The competition starts with teams operating a robot in a simulated Martian dust storm

5 min read
NASA Space Robotics Challenge R5 Valkyrie humanoid robot
Image: NASA

Last year at the DARPA Robotics Challenge Finals, NASA announced a new challenge for humanoid robots: the Space Robotics Challenge (SRC), which will “prepare robots for the journey to Mars.” Just like the DRC, the first stage of the SRC will consist of a virtual challenge, run in the Gazebo simulator, followed up by a physical challenge using NASA’s R5 Valkyrie robots.

As of yesterday, NASA has opened registration for the SRC, and we’ll take a look at the format of the competition, the challenges that teams will need to complete, and what they can take home for winning.

The Space Robotics Challenge focuses on developing software to increase the autonomy of dexterous mobile robots—particularly those of humanoid format—so they can complete specific tasks during space travel or after landing on other planets (such as Mars), as well as on Earth. Eventually, these robots will assist us with tasks such as:

  • Deploying and preparing habitats, power systems and other infrastructure on Mars before humans arrive.
  • Disaster relief and industrial plant maintenance on our own planet.
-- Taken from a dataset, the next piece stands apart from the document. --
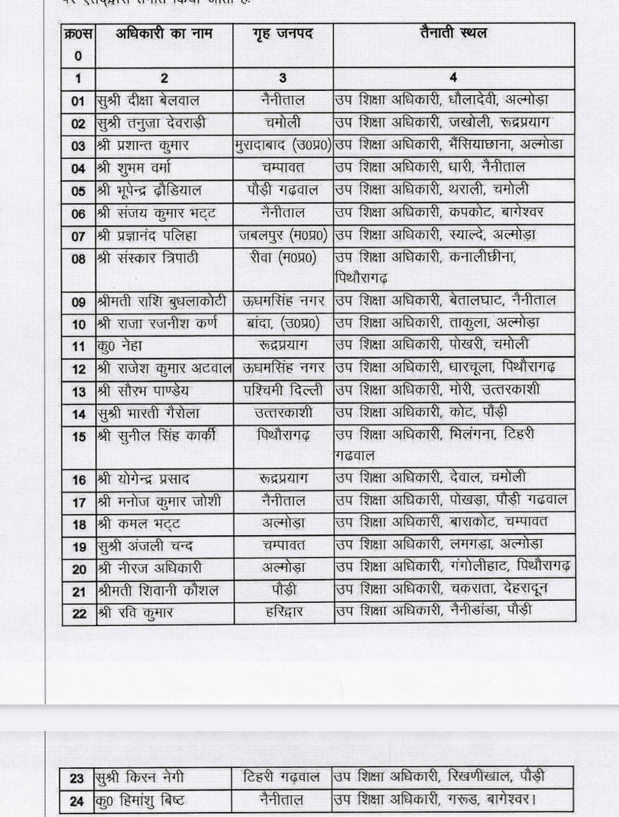 शिक्षा मंत्री डॉ. धन सिंह रावत ने बताया कि राज्य सरकार विद्यालयी शिक्षा व्यवस्था को और अधिक सुदृढ़ करने में जुटी है, इसके साथ ही प्रशासनिक व्यवस्थाओं में भी लगातार सुधार किये जा रहे हैं। जिसके तहत विभाग में शैक्षणिक, प्रशासनिक व शिक्षणेत्तर संवर्गों के रिक्त पदों को भरा जा रहा है। जिसके क्रम में राज्य लोक सेवा आयोग से चयनित 25 उप शिक्षा अधिकारियों को प्रशिक्षण पूर्ण करने के उपरांत प्रदेश के दूरस्थ क्षेत्र के विभिन्न विकासखण्डों में प्रथम तैनाती दे दी गई है। जिसमें अल्मोड़ा जनपद में सुश्री दीक्षा बेलवाल को धौलादेवी, प्रशांत कुमार को भैसियाछाना, प्रज्ञानंद पलिहा को स्याल्दे, राजा रजनीश कर्ण को ताकुला, सुश्री अंजली चंद को लमगड़ा विकासखण्ड में तैनाती दी गई है। इसी प्रकार रूद्रप्रयाग जनपद में सुश्री तनुजा देवराड़ी को जखोली, अजीत सिंह कर्णवाल को ऊखीमठ, नैनीताल जनपद के तहत शुभम वर्मा को धारी, राशि बुधलाकोटी को बेतालघाट, चमोली जिले में भूपेन्द्र ढ़ौंडियाल को थराली, नेहा को पोखरी, योगेन्द्र प्रसाद को देवाल, बागेश्वर जनपद के अंतर्गत संजय कुमार भट्ट को कपकोट, हिमांशु बिष्ट को गरूड़, पिथौरागढ़ जिले में संस्कार त्रिपाठी को कनालीछीना, राजेश कुमार अटवाल को धारचूला, नीरज अधिकारी को गंगोलीहाट, उत्तरकाशी में सौरभ पाण्डेय को मोरी, पौड़ी में सुश्री भारती गैरोला को कोट, मनोज कुमार जोशी को पोखड़ा, रवि कुमार को नैनीडांडा, सुश्री किरन नेगी को रिखणीखाल, टिहरी जनपद में सुनील सिंह कार्की को भिलंगना, चम्पावत जिले में कमल भट्ट को बाराकोट और देहरादून जनपद में शिवानी कौशल को चकराता विकासखण्ड में उप शिक्षा अधिकारी के पद पर तैनाती दी गई है। विभागीय मंत्री ने कहा कि नव नियुक्त उप शिक्षा अधिकारियों की तैनाती से दूरस्थ क्षेत्रों की शिक्षा व्यवस्था और मजबूत होगी साथ ही विभागीय कार्यों में भी तेजी आयेगी। उन्होंने सभी नवनियुक्त उप शिक्षा अधिकारियों को बधाई दी, साथ ही उन्होंने उम्मीद जताई कि नवनियुक्ति अधिकारी अपने कार्यों व दायित्वों का निर्वहन पूरी निष्ठा व ईमानदारी के साथ करेंगे।

The following virtual challenge scenario serves as a backdrop for developing coding advancements that enable the autonomy of humanoid robotics:

In the not too distant future, R5 has arrived on Mars along with supplies ahead of a human mission. Overnight a dust storm damaged the habitat and solar array, and caused the primary communication antenna to become misaligned. R5 must now repair an air leak in the habitat, deploy a new solar panel, and align the communication antenna.

Sounds like fun, right? Right!

The winner of the SRC Virtual Challenge gets US $125,000, with $100,000 going to second place, $50,000 to third, and $25,000 to fourth. Additionally, as many as six teams can take home a $50,000 bonus for completing all 18 subtasks consecutively within one single run.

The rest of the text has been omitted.